──────── SUPPLIED MATERIAL
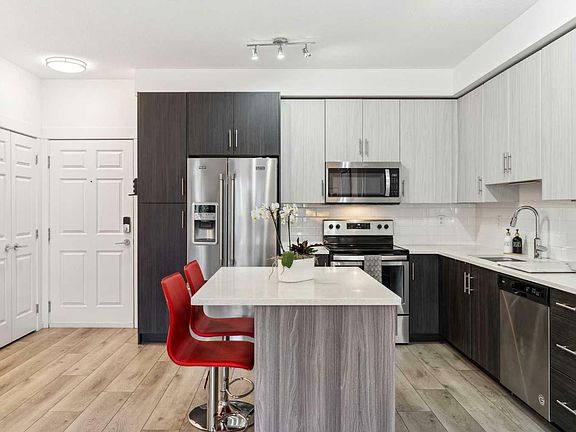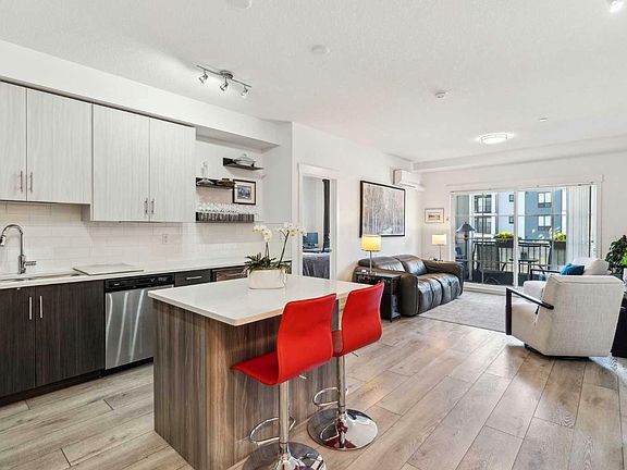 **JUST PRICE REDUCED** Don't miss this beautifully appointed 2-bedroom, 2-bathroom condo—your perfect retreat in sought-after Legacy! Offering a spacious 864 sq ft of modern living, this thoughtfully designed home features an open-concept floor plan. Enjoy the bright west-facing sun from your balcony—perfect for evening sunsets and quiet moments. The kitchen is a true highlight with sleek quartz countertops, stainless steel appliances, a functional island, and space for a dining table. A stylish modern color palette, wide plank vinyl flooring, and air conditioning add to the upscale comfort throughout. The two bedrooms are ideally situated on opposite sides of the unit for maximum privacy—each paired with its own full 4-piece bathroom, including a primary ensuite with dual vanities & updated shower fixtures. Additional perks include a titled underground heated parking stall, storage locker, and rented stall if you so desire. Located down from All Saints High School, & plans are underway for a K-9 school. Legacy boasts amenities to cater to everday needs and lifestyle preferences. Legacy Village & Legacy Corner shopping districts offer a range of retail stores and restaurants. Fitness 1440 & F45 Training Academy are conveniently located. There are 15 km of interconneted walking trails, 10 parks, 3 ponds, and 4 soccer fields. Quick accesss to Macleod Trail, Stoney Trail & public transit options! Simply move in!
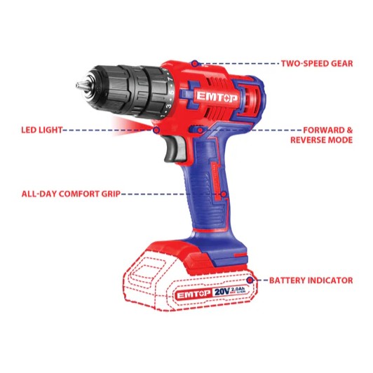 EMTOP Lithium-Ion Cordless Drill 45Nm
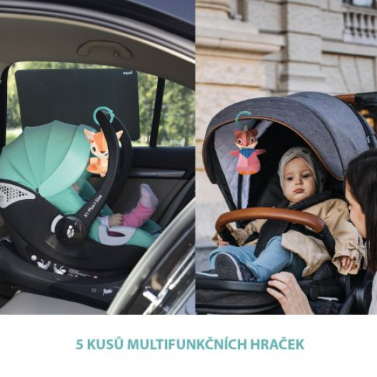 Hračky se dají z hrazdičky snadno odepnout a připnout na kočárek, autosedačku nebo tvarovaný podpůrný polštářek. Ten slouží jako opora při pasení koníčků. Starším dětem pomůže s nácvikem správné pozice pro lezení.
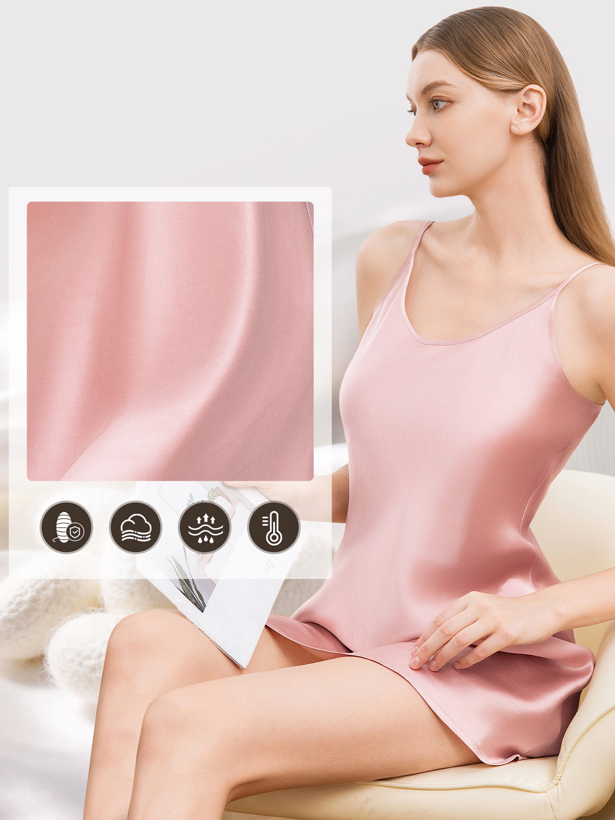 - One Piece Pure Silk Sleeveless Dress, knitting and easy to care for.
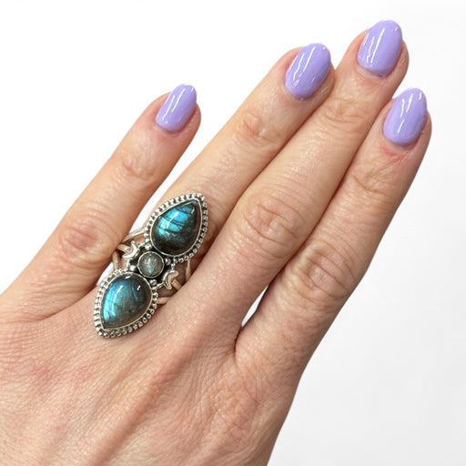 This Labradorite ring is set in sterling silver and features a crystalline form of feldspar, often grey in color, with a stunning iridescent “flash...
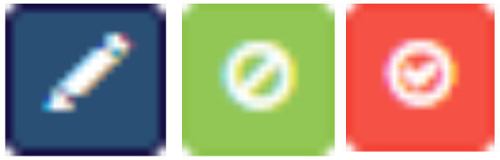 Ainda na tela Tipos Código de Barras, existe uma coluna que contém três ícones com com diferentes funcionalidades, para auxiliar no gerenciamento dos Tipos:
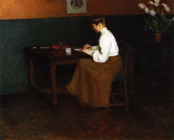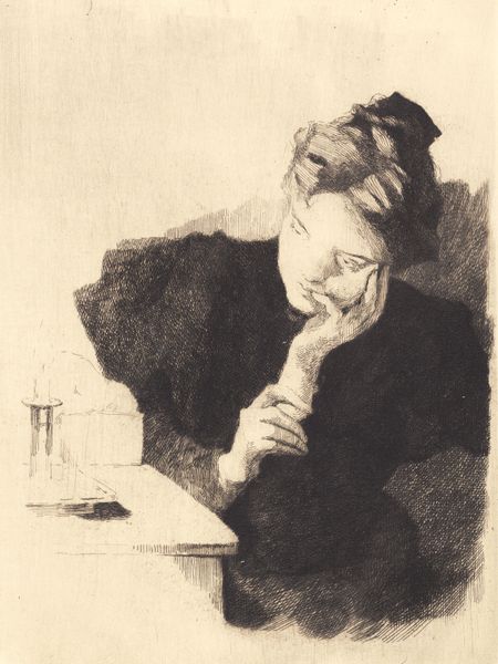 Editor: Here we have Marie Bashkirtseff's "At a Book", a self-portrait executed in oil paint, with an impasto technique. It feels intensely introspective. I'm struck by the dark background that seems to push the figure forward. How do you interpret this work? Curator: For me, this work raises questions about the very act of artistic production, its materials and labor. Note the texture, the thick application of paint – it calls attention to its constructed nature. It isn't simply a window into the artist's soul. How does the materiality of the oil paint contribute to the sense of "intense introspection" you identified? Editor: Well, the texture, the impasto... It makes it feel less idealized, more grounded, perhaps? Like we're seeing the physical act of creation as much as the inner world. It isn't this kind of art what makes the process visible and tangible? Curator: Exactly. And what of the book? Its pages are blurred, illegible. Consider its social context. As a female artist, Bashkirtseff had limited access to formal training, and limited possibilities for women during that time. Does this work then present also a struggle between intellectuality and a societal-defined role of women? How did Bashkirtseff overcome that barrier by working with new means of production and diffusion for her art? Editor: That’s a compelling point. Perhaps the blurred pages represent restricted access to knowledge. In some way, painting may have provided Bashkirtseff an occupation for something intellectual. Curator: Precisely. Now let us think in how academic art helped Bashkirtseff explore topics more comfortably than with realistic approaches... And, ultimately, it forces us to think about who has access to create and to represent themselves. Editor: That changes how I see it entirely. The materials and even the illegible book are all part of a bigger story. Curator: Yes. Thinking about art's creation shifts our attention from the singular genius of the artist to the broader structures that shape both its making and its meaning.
────────────────
──────── SUPPLIED MATERIAL
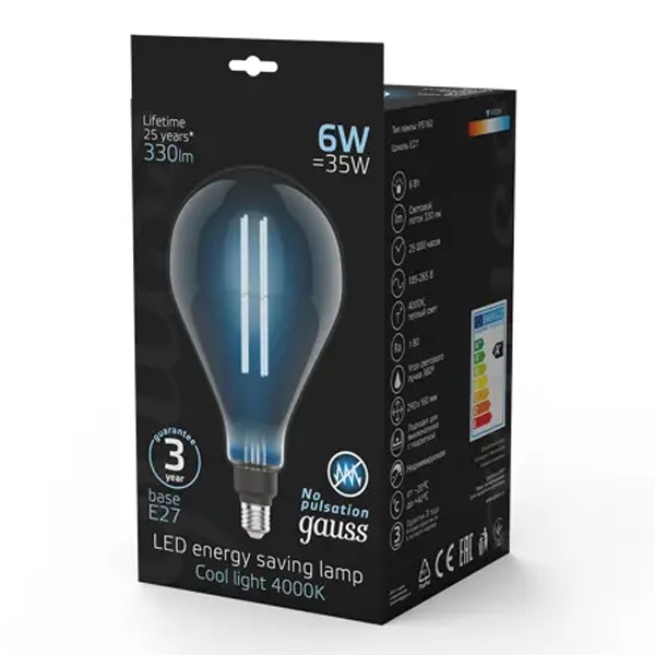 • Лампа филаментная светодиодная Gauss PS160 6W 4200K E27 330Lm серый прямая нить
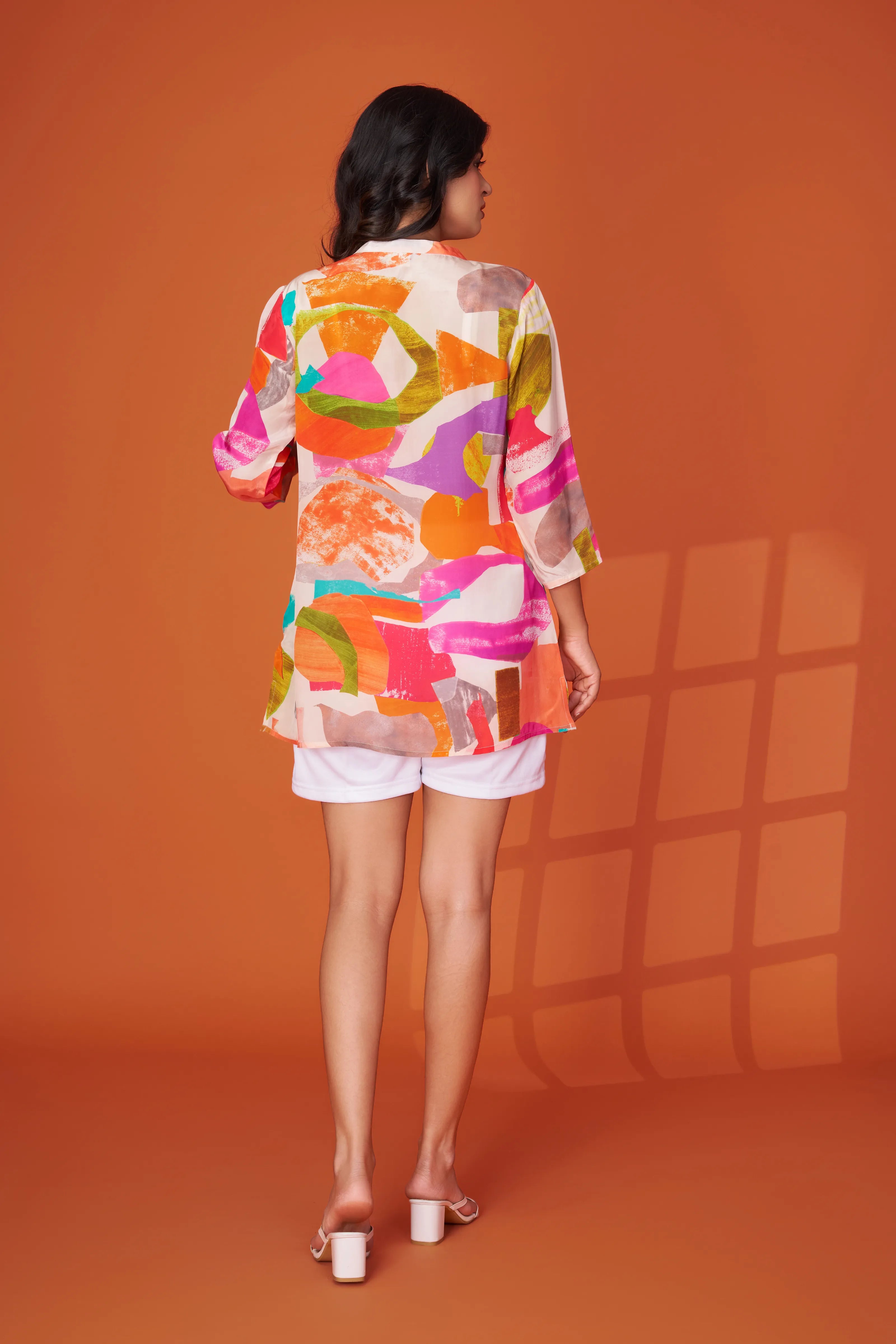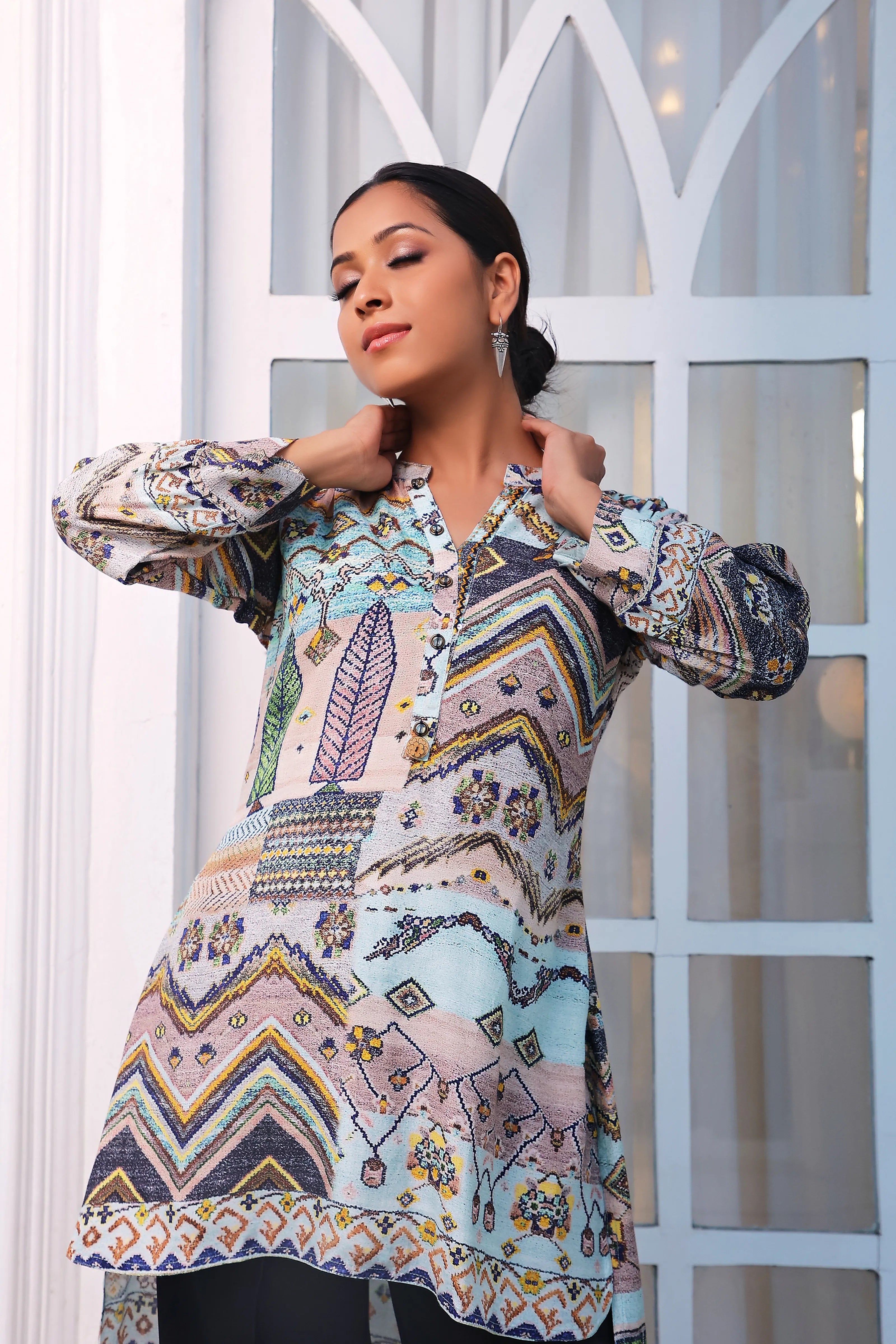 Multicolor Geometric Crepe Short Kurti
────────────────
──────── SUPPLIED MATERIAL
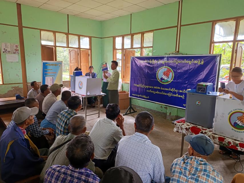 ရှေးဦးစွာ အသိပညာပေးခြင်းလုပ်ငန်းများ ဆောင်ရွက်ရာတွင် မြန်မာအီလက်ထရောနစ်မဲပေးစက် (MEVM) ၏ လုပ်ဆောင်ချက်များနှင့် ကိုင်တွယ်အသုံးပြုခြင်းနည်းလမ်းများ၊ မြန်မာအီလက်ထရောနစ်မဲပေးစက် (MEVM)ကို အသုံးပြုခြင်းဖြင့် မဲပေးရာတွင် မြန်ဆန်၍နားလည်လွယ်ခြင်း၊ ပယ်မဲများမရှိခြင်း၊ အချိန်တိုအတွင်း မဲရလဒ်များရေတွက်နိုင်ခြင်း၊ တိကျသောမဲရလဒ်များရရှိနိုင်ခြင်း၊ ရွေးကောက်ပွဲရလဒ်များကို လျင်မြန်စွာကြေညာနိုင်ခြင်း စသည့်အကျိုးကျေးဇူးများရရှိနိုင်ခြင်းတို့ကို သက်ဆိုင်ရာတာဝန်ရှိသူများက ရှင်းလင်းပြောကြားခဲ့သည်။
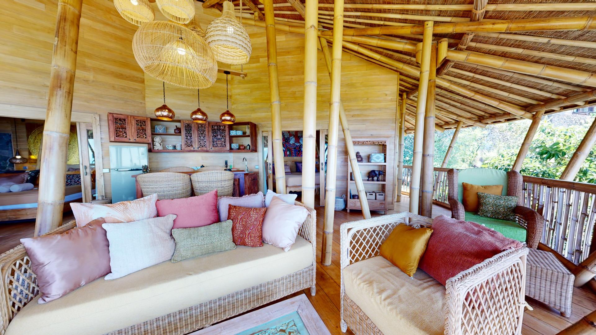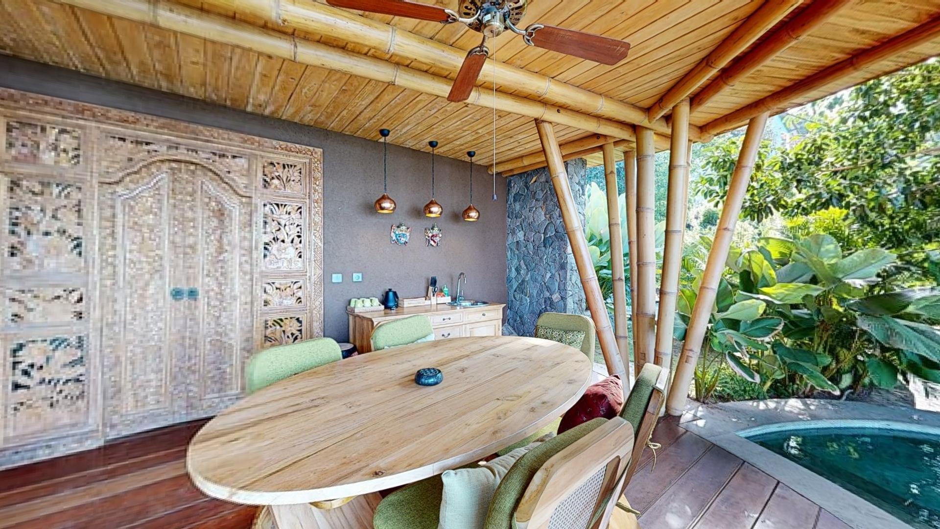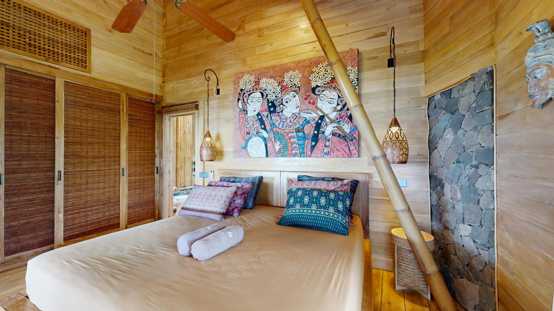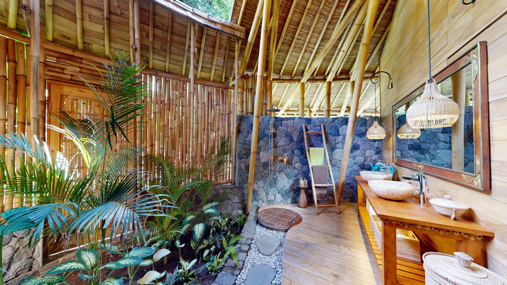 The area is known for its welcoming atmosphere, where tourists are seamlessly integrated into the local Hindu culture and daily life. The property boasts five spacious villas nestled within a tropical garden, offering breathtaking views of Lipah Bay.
────────────────
• **EXERCISE INSTRUCTIONS**
For the material above, give again only the lines starting at the line that contains "- One Piece" and ending at the line that contains "Ainda na tela". Pictures do not belong in the copy.

• **WORKED SOLUTION**
 - One Piece Pure Silk Sleeveless Dress, knitting and easy to care for.
 This Labradorite ring is set in sterling silver and features a crystalline form of feldspar, often grey in color, with a stunning iridescent “flash...
 Ainda na tela Tipos Código de Barras, existe uma coluna que contém três ícones com com diferentes funcionalidades, para auxiliar no gerenciamento dos Tipos:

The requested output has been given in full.